Our new model is designed to cut against the OSFA paradigm and embrace the differences across devices while supporting those differences equally. To achieve this, our API development platform allows each UI team to create customized endpoints. So the request/response model can be optimized for each team’s UIs to account for unique or divergent device requirements. To support the variability in our request/response model, we need a different kind of architecture, which takes us to the next philosophy…

Separate Content Gathering from Content Formatting/Delivery

In many OSFA implementations, the API is the engine that retrieves the content from the source(s), prepares that payload, and then ultimately delivers it. Historically, this implementation is also how the Netflix REST API has operated, which is loosely represented by the following image:

The above diagram shows a rainbow of colors roughly representing some of the different requests needed for the PS3, as an example, to start the Netflix experience. Other UIs will have a similar set of interactions against the OSFA REST API given that they are all required by the API to adhere to roughly the same set of rules. Inside the REST API is the engine that performs the gathering, preparation and delivery of the content (indifferent to which UI made the request).

Our new API has departed from the OSFA API model towards one that enables fine-grained customizations without compromising overall system manageability. To achieve this model, our new architecture clearly separates the operations of content gathering from content formatting and delivery. The following diagram represents this modified architecture:

In this new model, the UIs make a single request to a custom endpoint that is designed to specifically handle that request. Behind the endpoint is a handler that parses the request and calls the Java API, which gathers the content by calling back to a range of dependent services. We will discuss in later posts how we do this, particularly in how we parse the requests, trigger calls to dependencies, handle concurrency, support fallbacks, as well as other techniques we use to ensure optimized and accurate gathering of the content.
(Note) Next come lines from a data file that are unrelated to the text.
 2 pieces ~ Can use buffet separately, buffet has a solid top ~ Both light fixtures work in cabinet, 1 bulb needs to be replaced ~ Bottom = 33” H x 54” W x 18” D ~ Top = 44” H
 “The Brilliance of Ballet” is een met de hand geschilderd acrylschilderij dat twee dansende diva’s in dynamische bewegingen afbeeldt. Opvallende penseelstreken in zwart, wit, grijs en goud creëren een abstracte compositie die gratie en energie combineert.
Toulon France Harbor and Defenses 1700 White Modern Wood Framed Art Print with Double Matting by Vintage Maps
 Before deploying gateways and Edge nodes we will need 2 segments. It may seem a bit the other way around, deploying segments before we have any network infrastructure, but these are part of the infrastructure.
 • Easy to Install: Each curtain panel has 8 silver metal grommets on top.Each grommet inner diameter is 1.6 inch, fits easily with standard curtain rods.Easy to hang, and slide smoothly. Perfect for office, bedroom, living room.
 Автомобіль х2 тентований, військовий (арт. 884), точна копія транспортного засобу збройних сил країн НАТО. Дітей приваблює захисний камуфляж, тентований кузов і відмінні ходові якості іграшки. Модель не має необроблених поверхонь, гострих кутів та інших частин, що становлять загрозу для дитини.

For now, though, I will just say that the content gathering from the Java API is generic and independent of destination, just like the OSFA approach.
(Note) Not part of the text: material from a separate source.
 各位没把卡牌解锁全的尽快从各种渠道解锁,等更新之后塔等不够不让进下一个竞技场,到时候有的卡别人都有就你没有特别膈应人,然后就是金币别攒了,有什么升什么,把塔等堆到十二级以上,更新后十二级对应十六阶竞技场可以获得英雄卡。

After the content has been gathered, however, it is handed off to the formatting and delivery engines which sit on top of the Java API on the server. The diagram represents this layer by showing an array of different devices resting on top of the Java API, each of which corresponds to the custom endpoints for a given UI and/or set of devices. The custom endpoints, as mentioned earlier, support optimized request/response handling for that device, which takes us to the next philosophy…

Redefine the Border Between “Client” and “Server”
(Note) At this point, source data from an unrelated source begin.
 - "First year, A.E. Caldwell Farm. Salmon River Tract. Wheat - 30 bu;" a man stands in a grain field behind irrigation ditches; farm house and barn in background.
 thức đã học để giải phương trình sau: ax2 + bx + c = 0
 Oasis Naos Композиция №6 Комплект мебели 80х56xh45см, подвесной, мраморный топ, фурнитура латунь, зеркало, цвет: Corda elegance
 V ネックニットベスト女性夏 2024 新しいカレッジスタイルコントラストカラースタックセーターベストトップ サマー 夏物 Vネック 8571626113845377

The traditional definition of “client code” is all code that lives on a given device or UI. “Server code” is typically defined as the code that resides on the server. The divide between the two is the network border. This is often the case for REST APIs and that border is where the contract between the API provider and API consumer is engaged, as was the case for Netflix’s REST API, as shown below:

In our new approach, we are pushing this border back to the server, and with it goes a substantial portion of the UI-specific content processing. All of the code on the device is still considered client code, but some client code now resides on the server. In essence, the client code on the device makes a network call back to a dedicated client adapter that resides on the server behind the custom endpoint. Once back on the server, the adapter (currently written in Groovy) explodes that request out to a series of server-side calls that get the corresponding content (in some cases, roughly the same rainbow of requests that would be handled across HTTP in our old REST API). At that point, the Java APIs perform their content gathering functions and deliver the requested content back to the adapter. Once the adapter has some or all of its content, the adapter processes it for delivery, which includes pruning out unwanted fields, error handling and retries, formatting the response, and delivering the document header and body. All of this processing is custom to the specific UI. This new definition of client/server is represented in the following diagram:

There are two major aspects to this change. First, it allows for more efficient interactions between the device and the server since most calls that otherwise would be going across the network can be handled on the server. Of course, network calls are the most expensive part of the transaction, so reducing the number of network requests improves performance, in some cases by several seconds. The second key component leads us to the final (and perhaps most important) philosophy to this approach, which is the distribution of the work for building out the optimized adapters.

Distribute Innovation

One expected critique with this approach is that as we add more devices and build more UIs for A/B and multivariate tests, there will undoubtedly be myriad adapters needed to support all of these distinct request profiles. How can we innovate rapidly and support such a diverse (and growing) set of interactions? It is critical for us to support the custom adapters, but it is equally important for us to maintain a high rate of innovation across these UIs and devices.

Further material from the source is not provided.